AI-specific cybersecurity requirements interact closely with general obligations under the GDPR, NIS2/new BSIG and, where applicable, the CRA. Where personal data is processed, GDPR security and breach-notification rules apply in full. In practice, organisations are expected to integrate AI governance into their existing cybersecurity and data protection frameworks to ensure consistent risk management and incident response across regimes.

In Germany, healthcare providers are subject to heightened cybersecurity obligations due to the sensitivity of health data and the critical nature of healthcare services. These obligations arise from a combination of data protection law, sector-specific healthcare regulation and general cybersecurity legislation. Many hospitals and larger healthcare institutions are classified as critical infrastructure (KRITIS) operators and must implement risk-based technical and organisational measures, including incident-response planning and regular security assessments, under BSI supervision.       

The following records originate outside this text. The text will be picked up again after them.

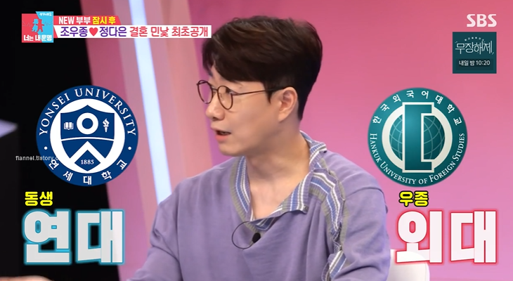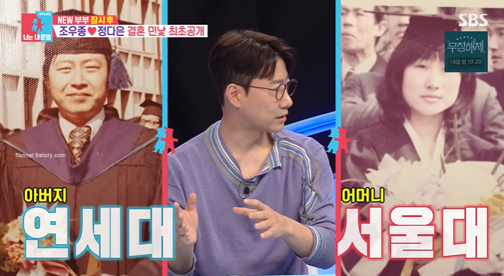 이날 조우종은 어마어마한 집안의 학력을 공개했어요. 아내 정다은은 서울대, 자신은 외대, 아버지는 연세대, 어머니는 서울대, 동생은 연대를 나왔다고 하네요. 또한 친척들은 하버드, 코넬, 브라운, 프린스턴을 다녔다고 밝혀 주위를 깜짝 놀라게 했어요. 어머니 직업은 조각가였다고 하네요.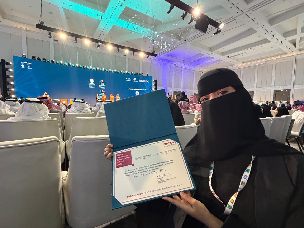 كما حصلت على جائزة خاصة من مؤسسة ريكو الأمريكية، وتأهلت لتمثيل المملكة في تصفيات آيسف 2026م، في إنجاز يعكس تميزها العلمي وقدرتها الابتكارية.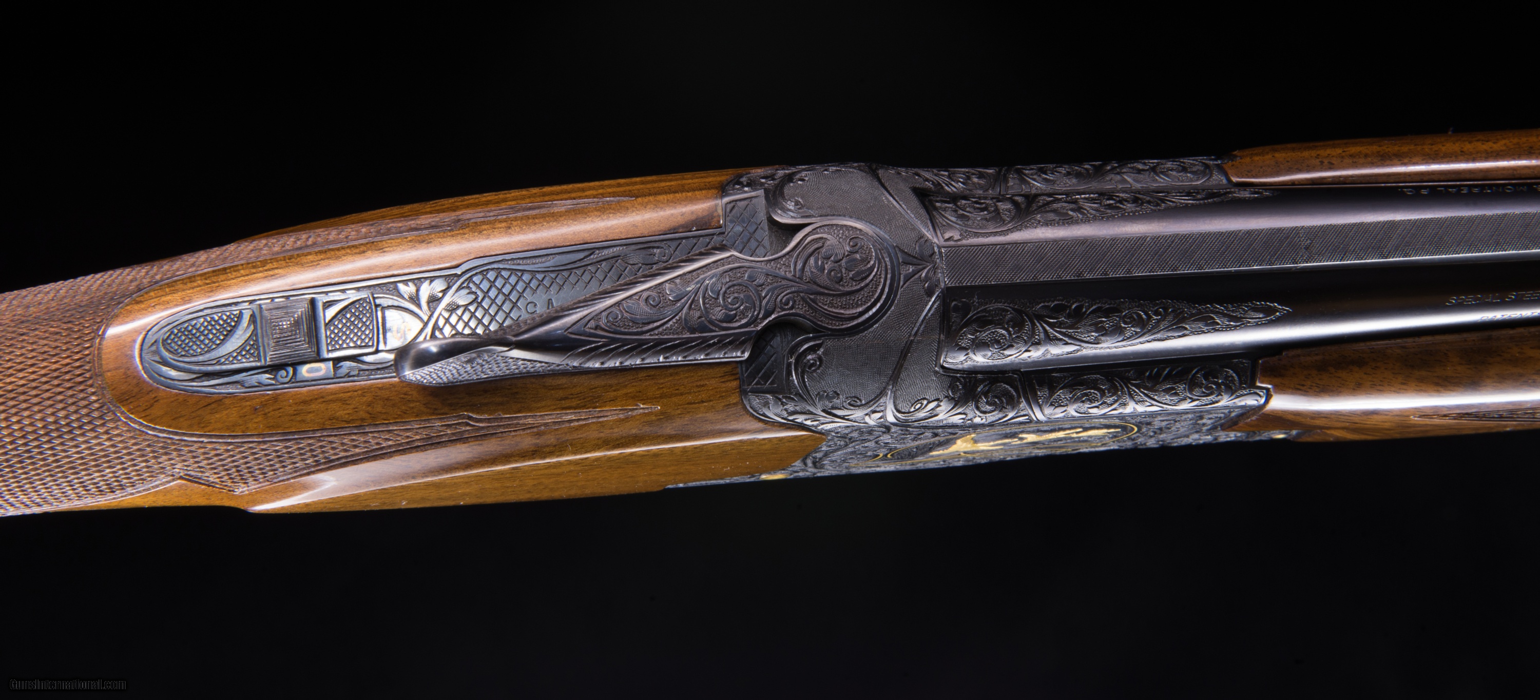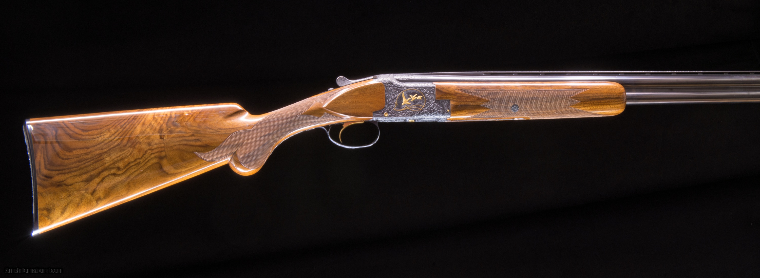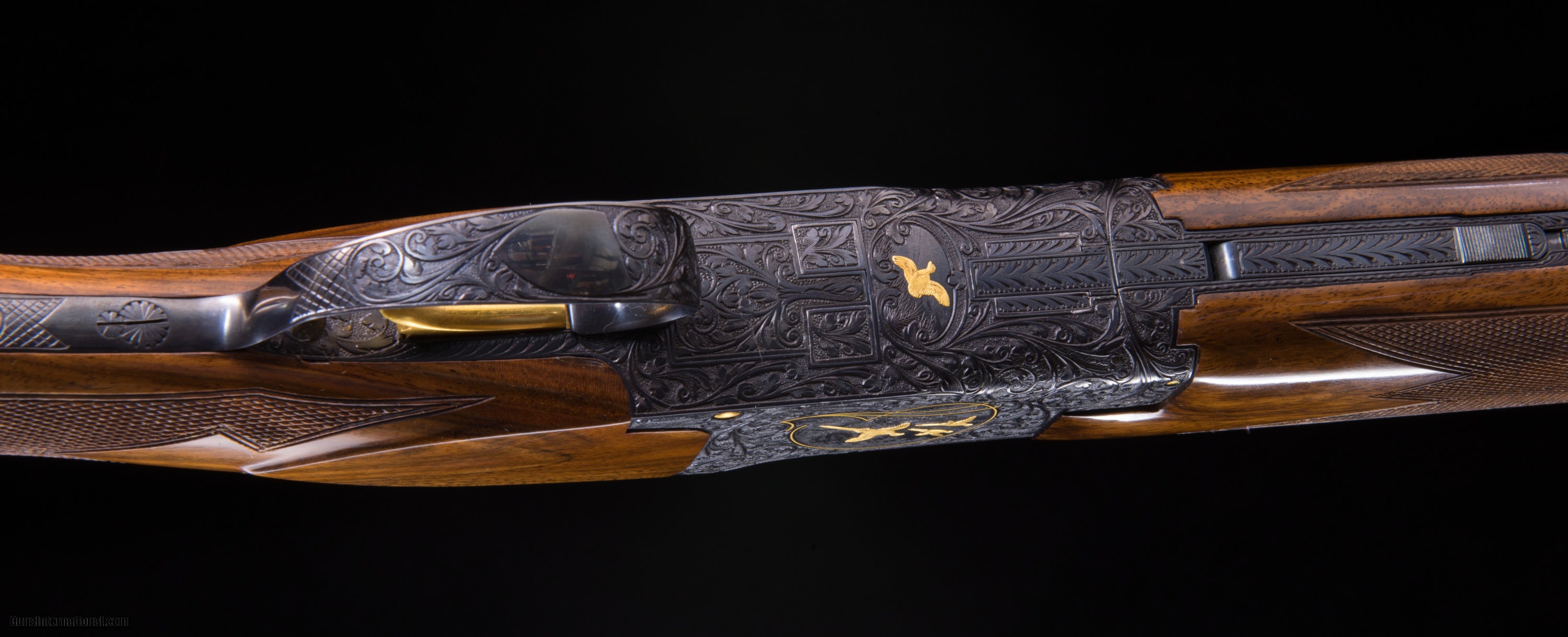 Description: Hammerless Sidelocks - *** Note: To see this gun with high resolution photos and a zoom-in feature, go to the vintagedoubles main site and search for the gun ID: 4082 or browse the main site to see our full gun collection. SOLD Manufacturer: Browning Midas Grade 20g~(Belgium made) Model: None Serial Number: 38498 Ejectors: Yes Barrels: 26 3/8 Barrel Type: Steel Action: Over under Gauge Info: 20 gauge Stock Comb: 1 7/16 Stock Heel: 2 3/16 Stock Cast: 1/8 LOP: 14 3/8" to original Weight: 6 lbs. 7oz. Choke Left: Over .022 Choke Right: Under .015 Proof:Nitro: 3 Minimum Wall Thickness Left: Over .038 Minimum Wall Thickness Right: Under .040 |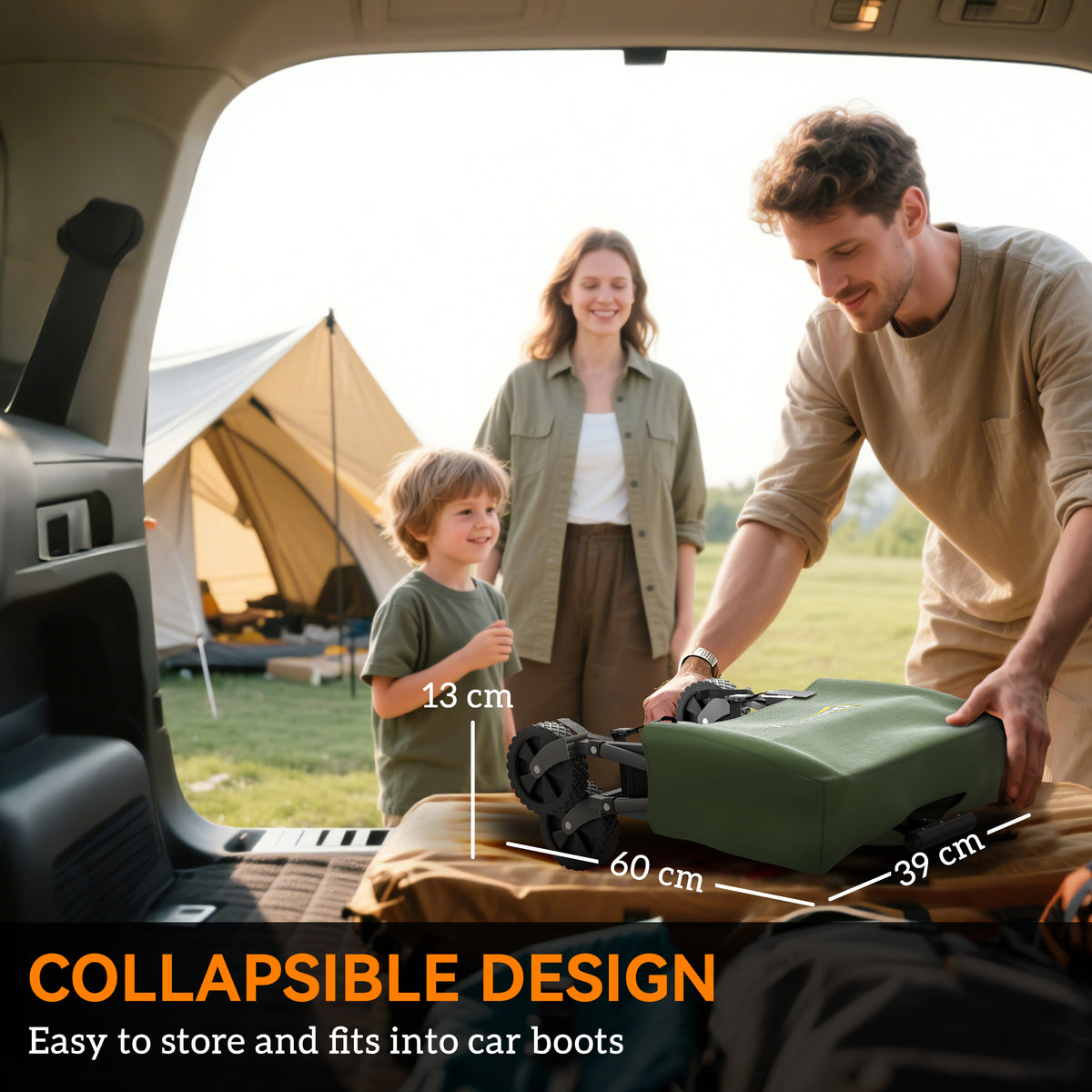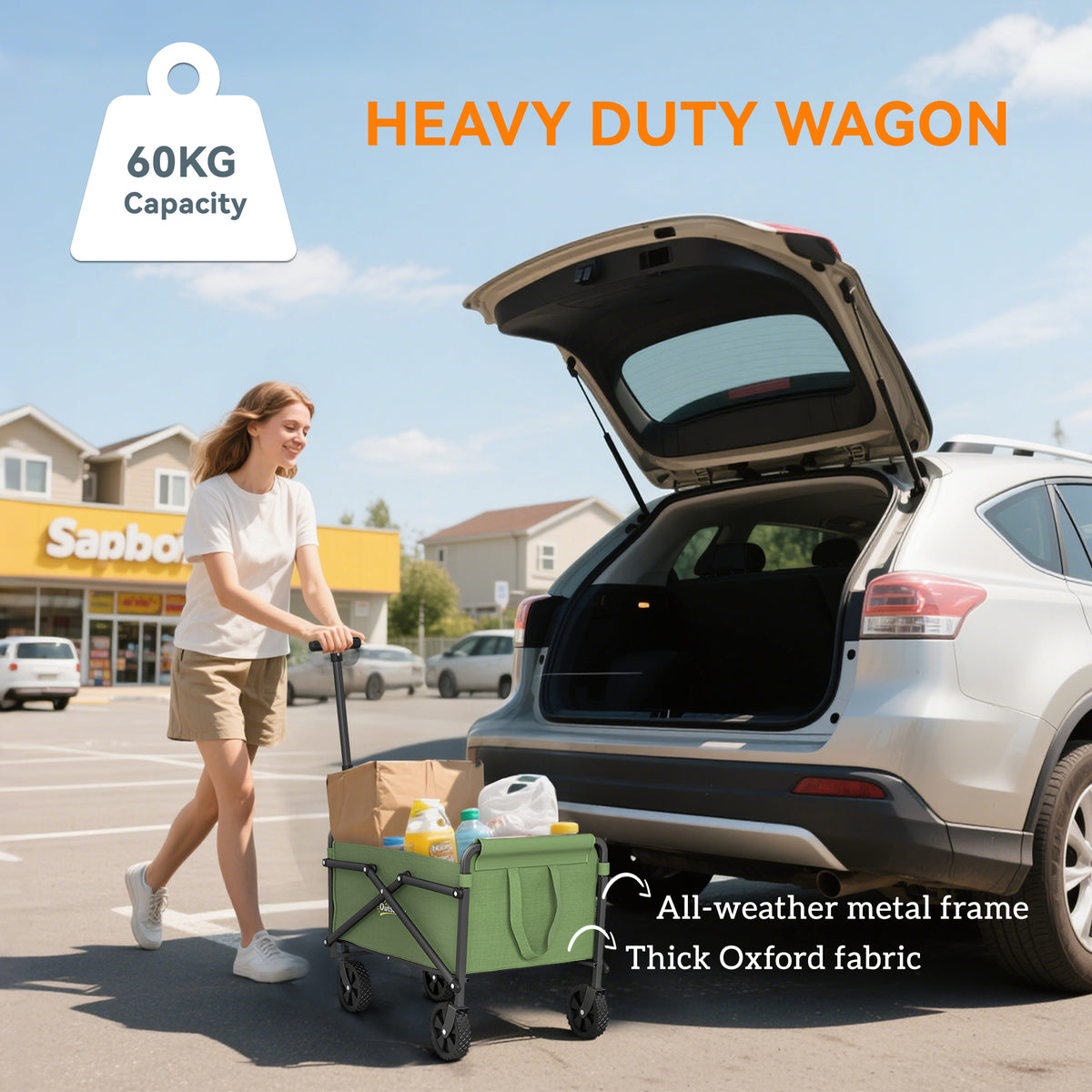Outsunny 41L Festival Trolley on Wheels, Small Garden Folding Trolley Cart, 60kg Heavy Duty Collapsible Folding Wagon with Adjustable Handle and Carrying Bag for Beach, Camping, Festival, Green - Green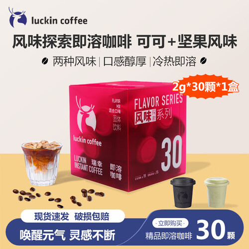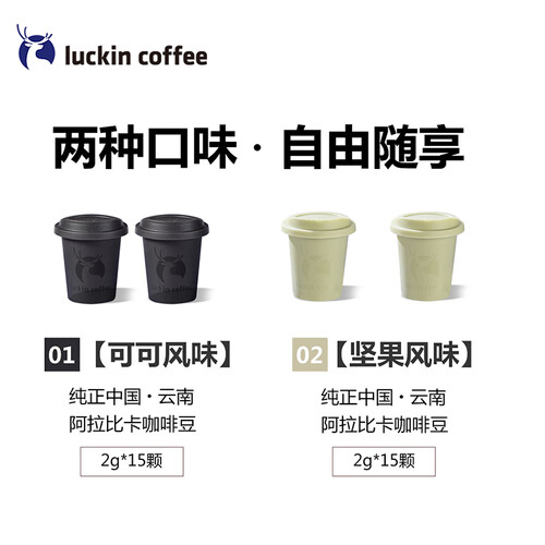 当前的位置: 首页 > 今日值得买 > 瑞幸咖啡(luckincoffee)即溶咖啡风味探索系列冻干咖啡冷萃速溶独立小罐 可可味2g*15颗+坚果味2g*15颗

Cybersecurity requirements for medical devices are primarily shaped by EU product regulation. Under the Medical Device Regulation (Regulation EU 2017/745 – MDR), manufacturers must address cybersecurity risks throughout the product life cycle. Where devices qualify as products with digital elements, additional horizontal EU cybersecurity requirements may apply, reinforcing security-by-design, vulnerability management and update capabilities.       

Germany’s electronic health record systems and digital health infrastructure are subject to specific statutory security requirements, including access controls, authentication and encryption. Compliance is often linked to certification or approval processes and is a prerequisite for participation in national health IT systems and reimbursement schemes.       

Healthcare entities face overlapping incident-reporting obligations under data protection and cybersecurity law. Short reporting timelines reflect the potential impact on patient safety and service continuity. Cybersecurity certification also plays a key role in healthcare procurement, with recognised standards frequently required for market access and public-sector contracts.